As violent crime in Chicago has been on the rise this year, the police have pointed to people being freed on bail as one of the driving factors in the growing number of shootings — but a new Loyola University Chicago study says that’s probably not true.

Cook County’s 2017 bail reform required judges to set affordable bail for defendants they deemed could be released while awaiting trial without endangering the public.

The Loyola study concluded that there was no “statistically significant” change in the amount of crime in Chicago in the year after the reform took effect in September 2017.

After the reform, the number of people who weren’t required to post any money at all to be released on bail — called an “I-bond” — doubled, the study found. About 26% of defendants received them before the reform and 57% afterward. And the average cost of cash bail decreased from about $9,300 before the reform to about $3,800 afterward.

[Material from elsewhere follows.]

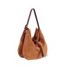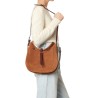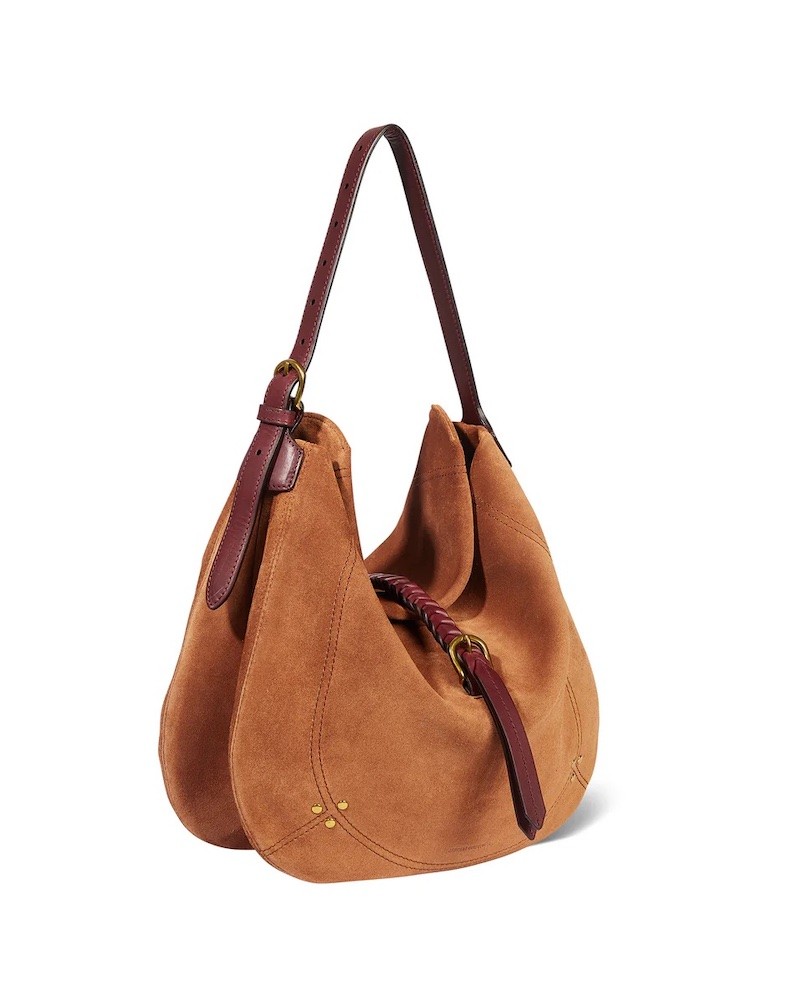 Luis er en ny model fra Jerome Dreyfuss i karamelfarvet ruskind med rem af bordeaux glat skind. Luis kan både bruges som skuldertaske og crossbodytaske, da den har to-delt skulderrem. Indvendigt har den to rum, to lynlåslommer, en flad lomme og en praktisk krog til nøgler. Den har åben top med en dekorativ flettet rem hen over midten.
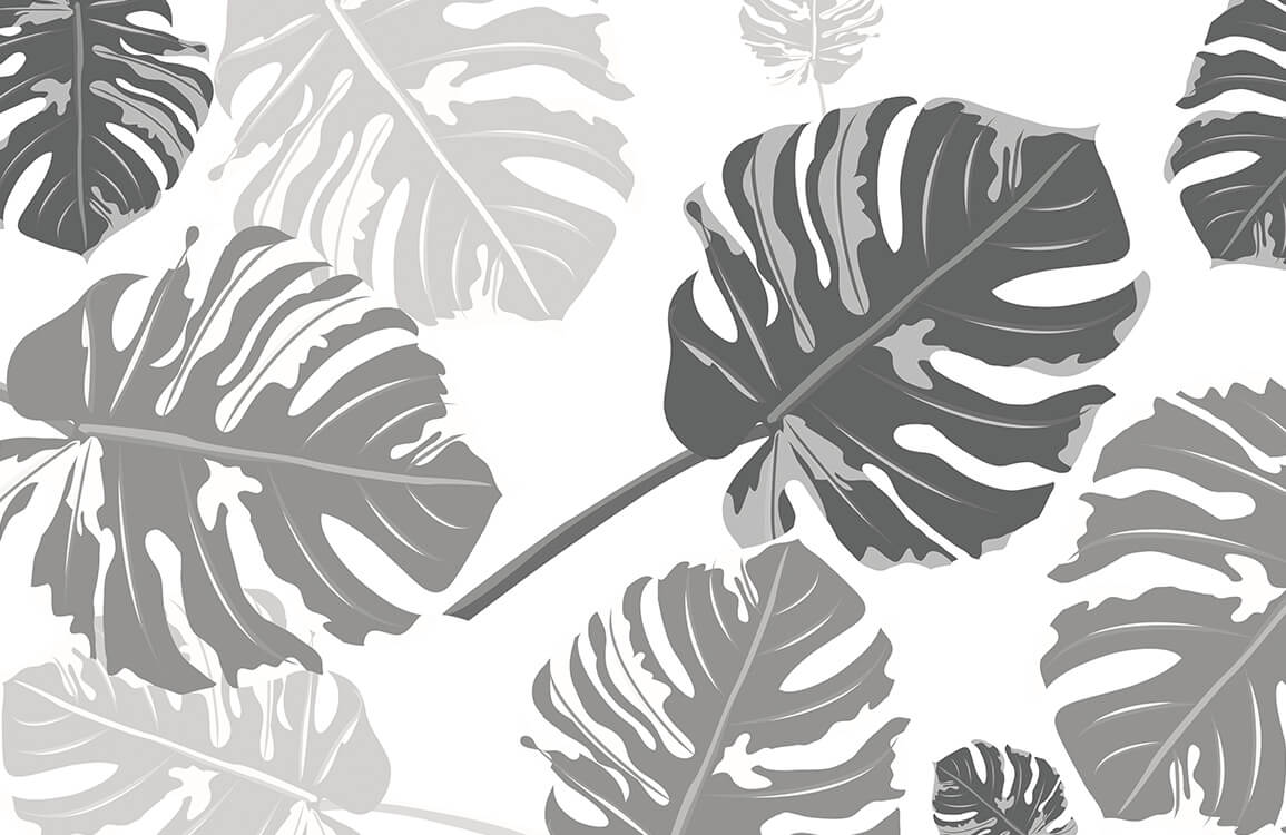 Create a unique and stylish space with this tropical leaf wallpaper. Get an ideal palm leaf and tropical feature wall with this amazing grey leaves wall mural. Ideal wallpaper for your living room, bedroom or bathroom. This tropical jungle theme wallpaper would look great when pair with modern furniture styles.?

But the number of people released before trial didn’t change a lot — from 77% of defendants before the reform to 81% after, according to the Loyola study.

The chance of someone on bail being charged with a new crime while awaiting trial remained about the same— 17% — as did the probability of someone getting arrested for a violent offense — 3%.

“Releasing people on their own recognizance does not make communities less safe,” the study found. “Taking money away from people to secure their release does not make communities safer — but it does impose a significant burden on those individuals and their families who are least able to afford it.”

Don Stemen, chairman of the Department of Criminal Justice and Criminology at Loyola University and one of the study’s authors.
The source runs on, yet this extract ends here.